The goal is to process 500+k messages per second depending on the hardware, it certainly looks possible .

As you can see from the code below its all pretty simple.

Any help very much appreciated!

Regards,
Neil.

Version Info: chronicle-map-2.3.9

// TimeUID and ReplayEvent implement Externalizable

Construction: 
chonmap = ChronicleMapBuilder
.of(TimeUID.class, ReplayEvent.class)
.entries(A10_MILLION_ENTRIES)
.averageValueSize(1 * 1024)
.create();
// consumer-service-thread
this.future = scheduler.scheduleWithFixedDelay(this, 1, Integer.getInteger("replay.queue.pump",2), TimeUnit.MILLISECONDS);


NB: Publisher threads call onto the handle method (8-12 of these)

public void handle(ReplayEvent event) {
if (cancelled || chonmap == null) {
return ;
}


        chonmap.put(event.getId(), event);
        outgoing.add(event.getId());
}

Consumer is a single thread (service-thread):

public void run(){

try {
          int chunkSize = 4 * 1024;
ArrayList<ReplayEvent> sending = null;
            int bytes = 0;

while (outgoing.size() > 0) {
TimeUID item = outgoing.poll(10, TimeUnit.MILLISECONDS);
if (cancelled) return;
if (item != null) {

if (sending == null) sending = new ArrayList<ReplayEvent>();
ReplayEvent item1 = chonmap.remove(item);
                    bytes += item1.getRawData().length();
sending.add(item1);
}

if (bytes >  chunkSize) {
replayHandler.handle(sending);
sending = null;
bytes = 0;
}
}
if (sending != null && sending.size() > 0) {
replayHandler.handle(sending);
}
} catch (Throwable t){
LOGGER.warn("Update to handler failed:" + t, t);
if (t.getMessage().contains("RetryInvocationException: SendFailed.Throwable:noSender")) {
replayHandler = null;
}
} finally {
if (isExpired() || request.isCancelled()) {
cancel();
}
}
}

There are 2 hs_err files providing information


hs_err  1.information indicates the consumer thread is failing....

#

# A fatal error has been detected by the Java Runtime Environment:

#

#  SIGSEGV (0xb) at pc=0x00007fa0dd6827fc, pid=17495, tid=140324411561728

#

# JRE version: Java(TM) SE Runtime Environment (7.0_51-b13) (build 1.7.0_51-b13)

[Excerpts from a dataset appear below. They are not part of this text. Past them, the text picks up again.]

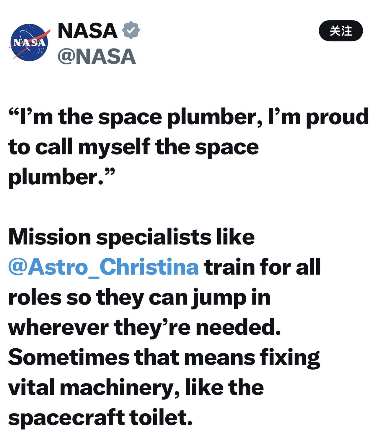 人类史上最高级的厕所维修工 “我是太空水管工,我为自己是太空水管工而感到自豪。” 像克里斯蒂娜Astro_Christina这样的任务专家接受所有岗位的培训,以便在需要时能够随时投入工作。有时这意味着维修关键设备,例如航天器的厕所。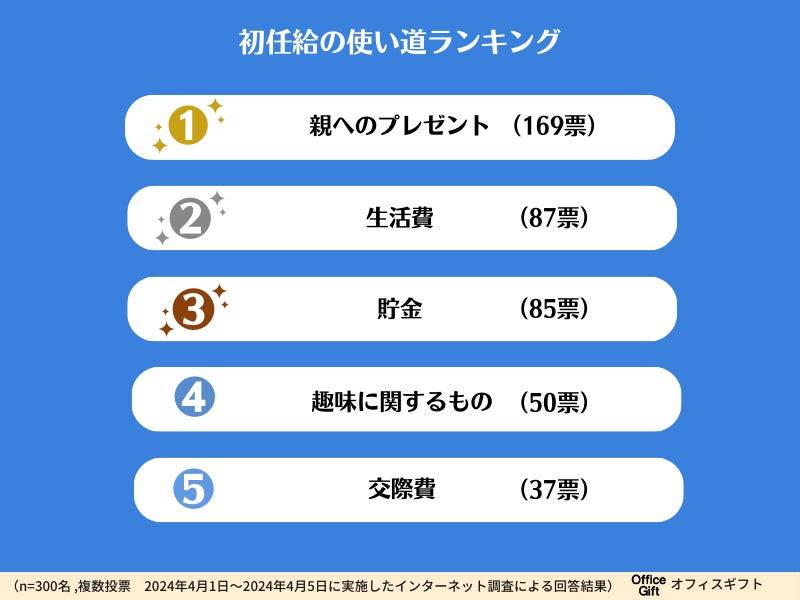 【初任給】が引き上げ傾向!?気になる使い道を300名にアンケート調査!恩返し?貯金?使わない??ランキング形式で発表★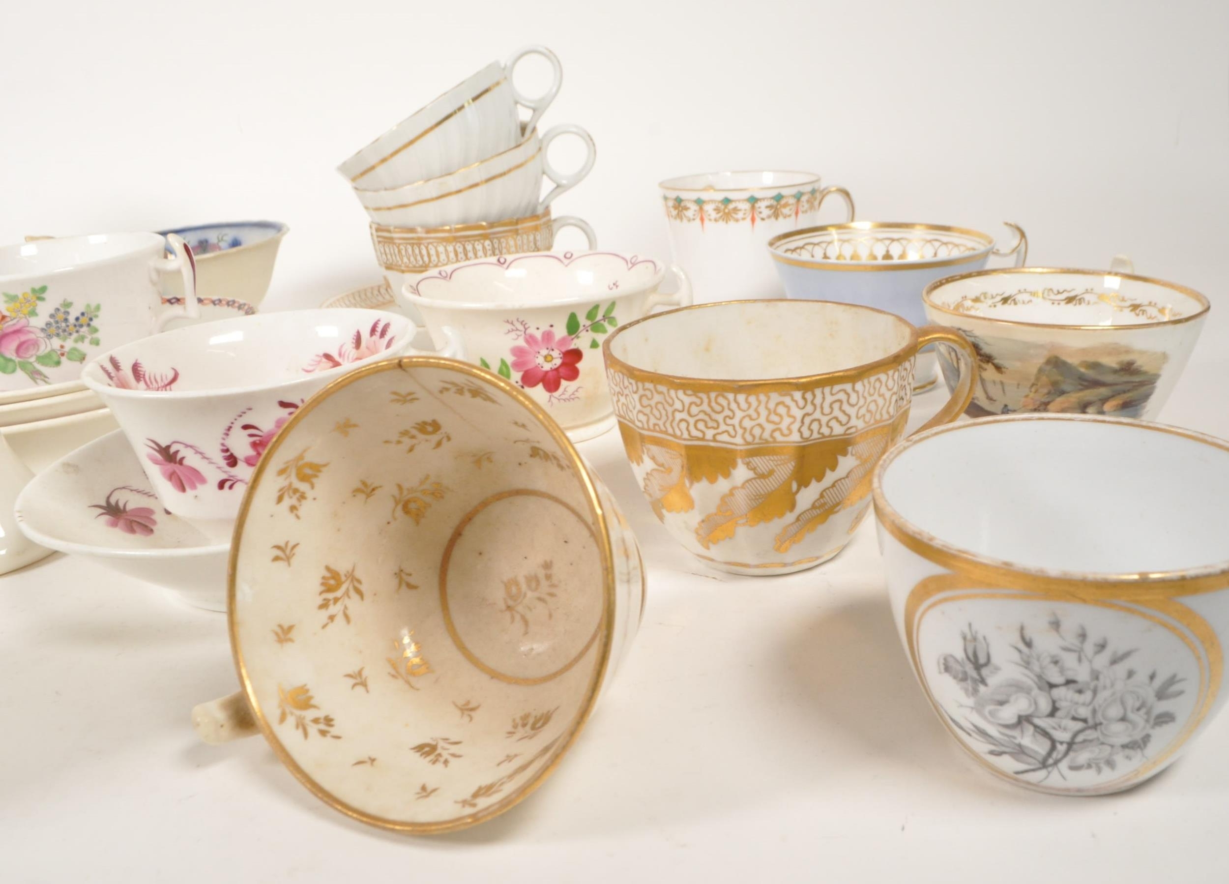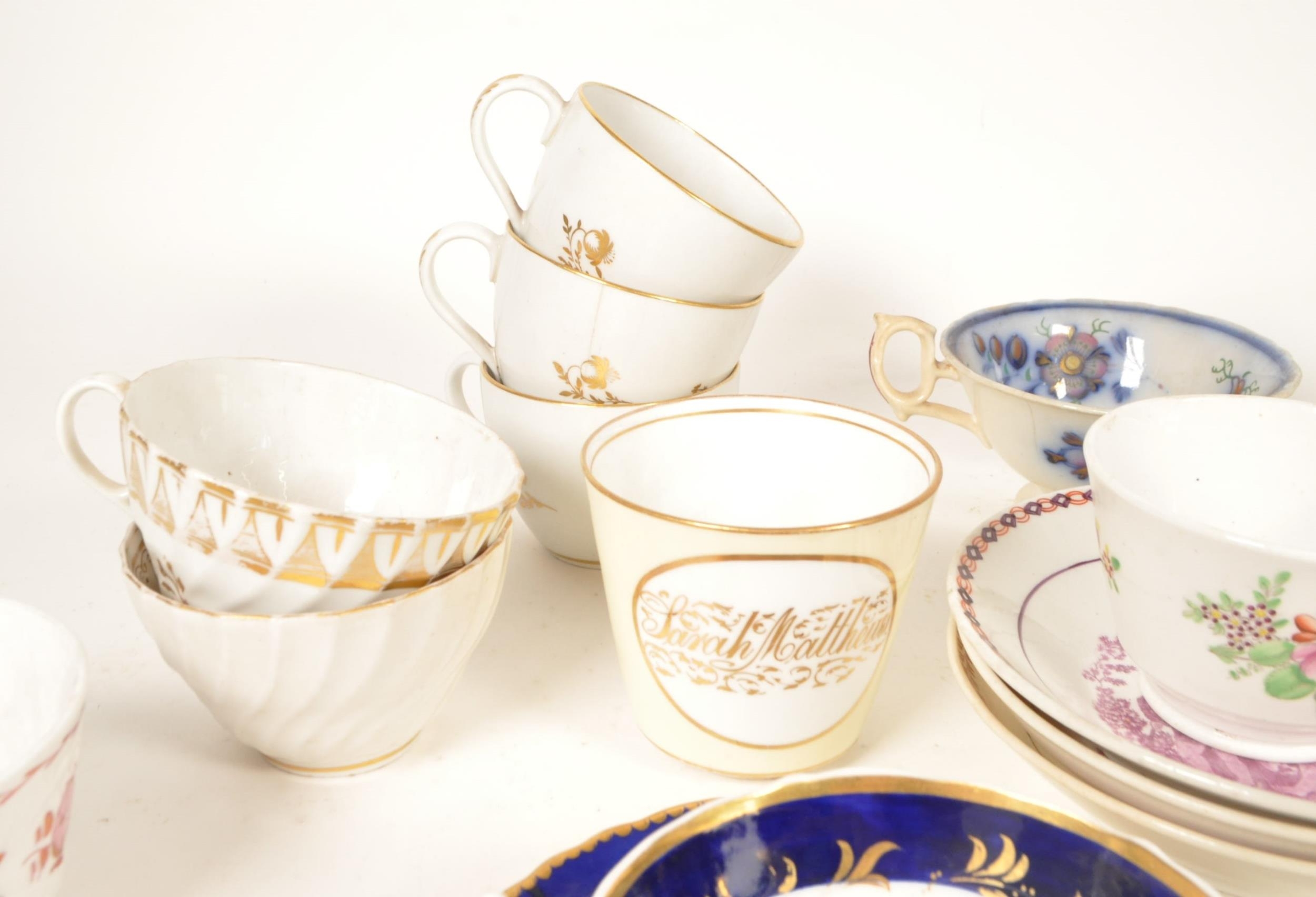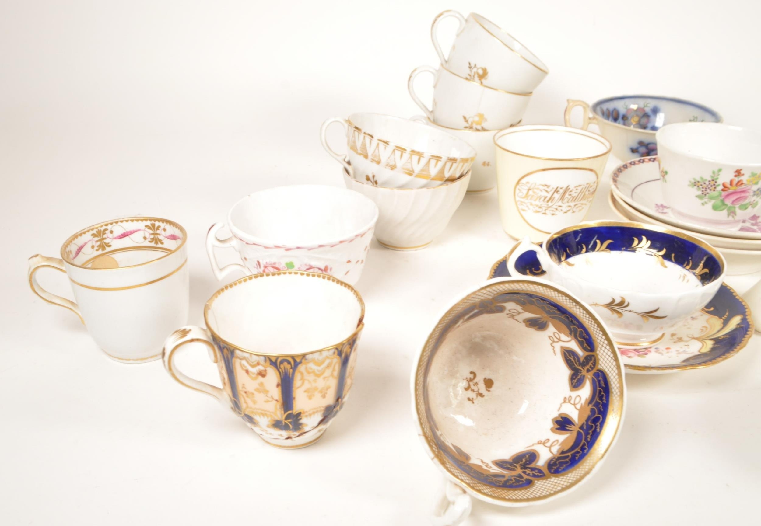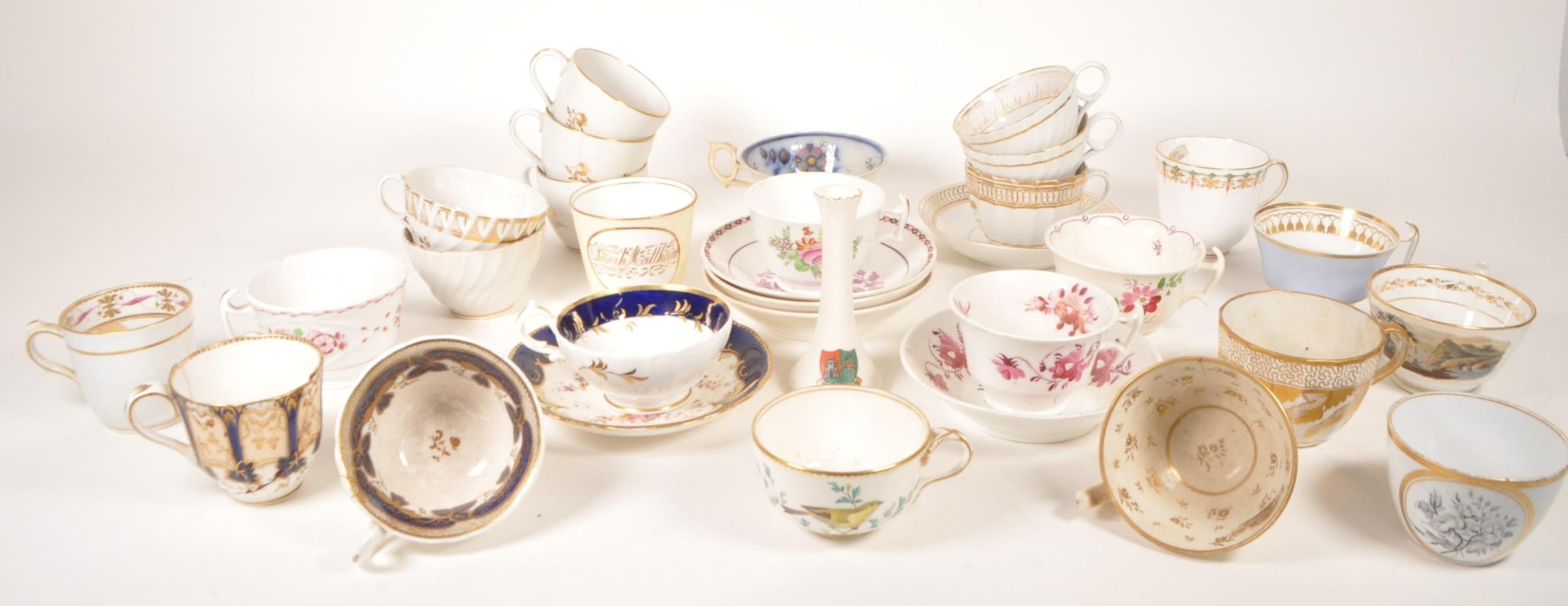 Large collection of 19th / 20th century porcelain china tea cups. Examples including a Davenport Longport coffee cup, Spode 2197 tea cup, John Rose Coalport gilded tea cup, a Sarah Matthews tea cups, and more.

# Java VM: Java HotSpot(TM) 64-Bit Server VM (24.51-b03 mixed mode linux-amd64 compressed oops)

# Problematic frame:

# J  net.openhft.chronicle.map.VanillaChronicleMap$Segment.writeLock()Lnet/openhft/chronicle/map/VanillaChronicleMap$WriteLocked;

#

# Failed to write core dump. Core dumps have been disabled. To enable core dumping, try "ulimit -c unlimited" before starting Java again

#

# If you would like to submit a bug report, please visit:

#   http://bugreport.sun.com/bugreport/crash.jsp

#


---------------  T H R E A D  ---------------


Current thread (0x00007fa03031a800):  JavaThread "services-1-6" daemon [_thread_in_Java, id=17785, stack(0x00007f9fd2a45000,0x00007f9fd2b46000)]



ANOTHER hs_err2 provides more information around the  possible cause:

net.openhft.lang.io.NativeBytes

 - klass: 'net/openhft/lang/io/NativeBytes'

RDI=

[error occurred during error reporting (printing register info), id 0xb]


Stack: [0x00007f2374c4a000,0x00007f2374c8b000],  sp=0x00007f2374c88f60,  free space=251k

Native frames: (J=compiled Java code, j=interpreted, Vv=VM code, C=native code)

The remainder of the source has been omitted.